As I was reading the passages from the Revised Common Lectionary for this week I read over Acts 17 again, the part where Paul is speaking to the Athenians.  In this passage Paul preaches that, "from one man he made every nation of men, that they should inhabit the whole earth; and he determined the times set for them and the exact places where they should live." I have always considered this Adam when I read it before, as all the commentators I have glanced at today concerning the passage.  Yet what dawned on me as I was reading was the significance of Abraham and Noah as possible "one man" stand-ins.  Abraham was to be the father of many nations, and Noah was the father of every nation as much as Adam was.  This seems to be a re-occuring tangent in Jesus' ministry as well as the apostles', that Abraham and Noah have great eschatological significance, especially when it comes to the Gentiles.  So I find it possible that there are undertones of Abraham and Noah in the "one man" as Paul preaches to the greatest academic audience in the Gentile world.

Here's the whole passage:

Paul then stood up in the meeting of the Areopagus and said: "Men of Athens! I see that in every way you are very religious. For as I walked around and looked carefully at your objects of worship, I even found an altar with this inscription: TO AN UNKNOWN GOD. Now what you worship as something unknown I am going to proclaim to you.

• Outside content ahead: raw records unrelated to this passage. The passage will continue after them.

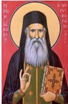
Όσιος Ιάκωβος (Τσαλίκης), ο Θεοφόρος, καθηγούμενος της Ιεράς Μονής Οσίου Δαυΐδ του εν Ευβοία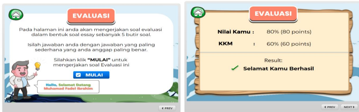
Gambar 3. Tampilan evaluasi

Selain penataan materi pada tampilan evaluasi terdapat petunjuk untuk menjawab soal evaluasi dan juga terdapat tombol mulai untuk memulai soal evaluasi. Soal evaluasi terdiri atas lima soal yang sudah dijelaskan pada materi. Dan juga terdapat result untuk menampilkan hasil apakah memenuhi KKM atau tidak. Tampilan hasil evaluasi ini ditunjukkan pada Gambar 3.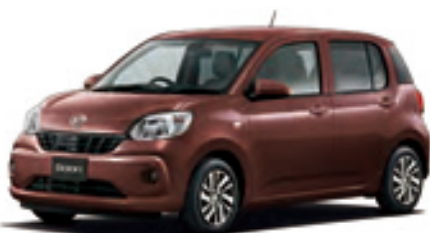
Photo: X"Gパッケージ SA II" (2WD)。ボディカラーのプラムブラウンクリスタルマイカ (R59) はメーカーオプションで32,400円高 (消費税込み)。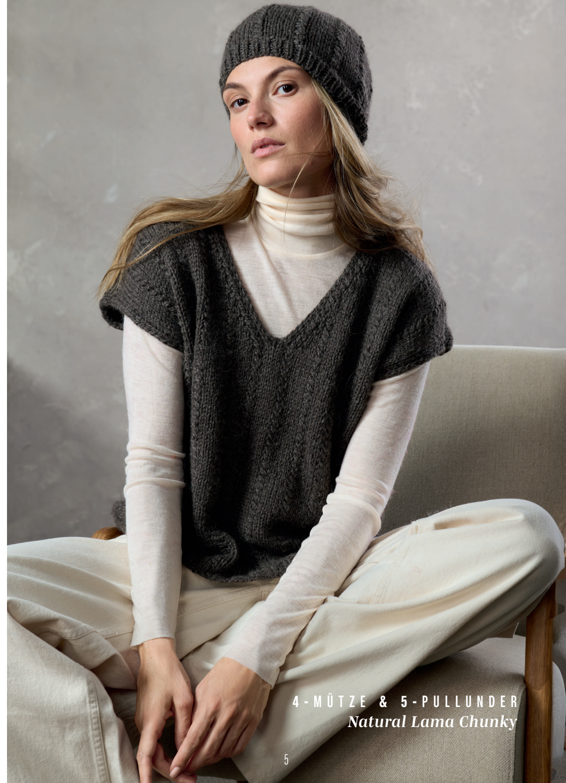
4 - MÜTZE & 5 - PULLUNDER Natural Lama Chunky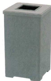
10 1-810-27 [A]角くず入れ グレークロス ¥4,800 (21×21×36) 櫃6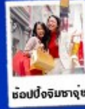
ช้อปปิ้งจิมซาจุ๊ซ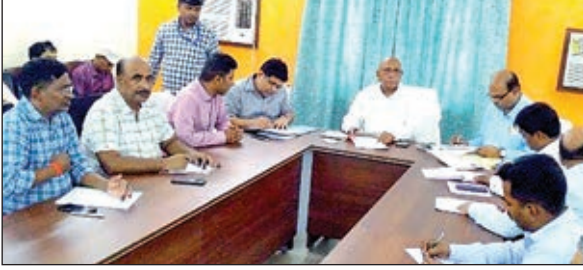
सरकारी उपक्रम संबंधी समिति संग बैठक करते अधिकारी।

धनबाद। झारखंड विधानसभा की सरकारी उपक्रमों संबंधी समिति ने माननीय सभापति सह जमशेदपुर पूर्व के विधायक श्री सरजू राय की अध्यक्षता में उप विकास आयुक्त श्री शशि प्रकाश सिंह सहित जिले के सभी विभागों के पदाधिकारियों के साथ सफ्टेड हाउस में बैठक की। बैठक के समापन के बाद माननीय सभापति ने कहा कि धनबाद में जुड़को द्वारा बन रहे वाटर ट्रीटमेंट प्लांट को समय पर पूरा करने का निर्देश दिया है। कार्य में विलंब होने से राज्य सरकार पर वित्तीय बोझ पड़ेगा। उन्होंने बताया कि जुड़को ने 2024 तक कार्य को

"The God who made the world and everything in it is the Lord of heaven and earth and does not live in temples built by hands. And he is not served by human hands, as if he needed anything, because he himself gives all men life and breath and everything else. From one man he made every nation of men, that they should inhabit the whole earth; and he determined the times set for them and the exact places where they should live. God did this so that men would seek him and perhaps reach out for him and find him, though he is not far from each one of us. 'For in him we live and move and have our being.' As some of your own poets have said, 'We are his offspring.'

"Therefore since we are God's offspring, we should not think that the divine being is like gold or silver or stone—an image made by man's design and skill. In the past God overlooked such ignorance, but now he commands all people everywhere to repent. For he has set a day when he will judge the world with justice by the man he has appointed. He has given proof of this to all men by raising him from the dead."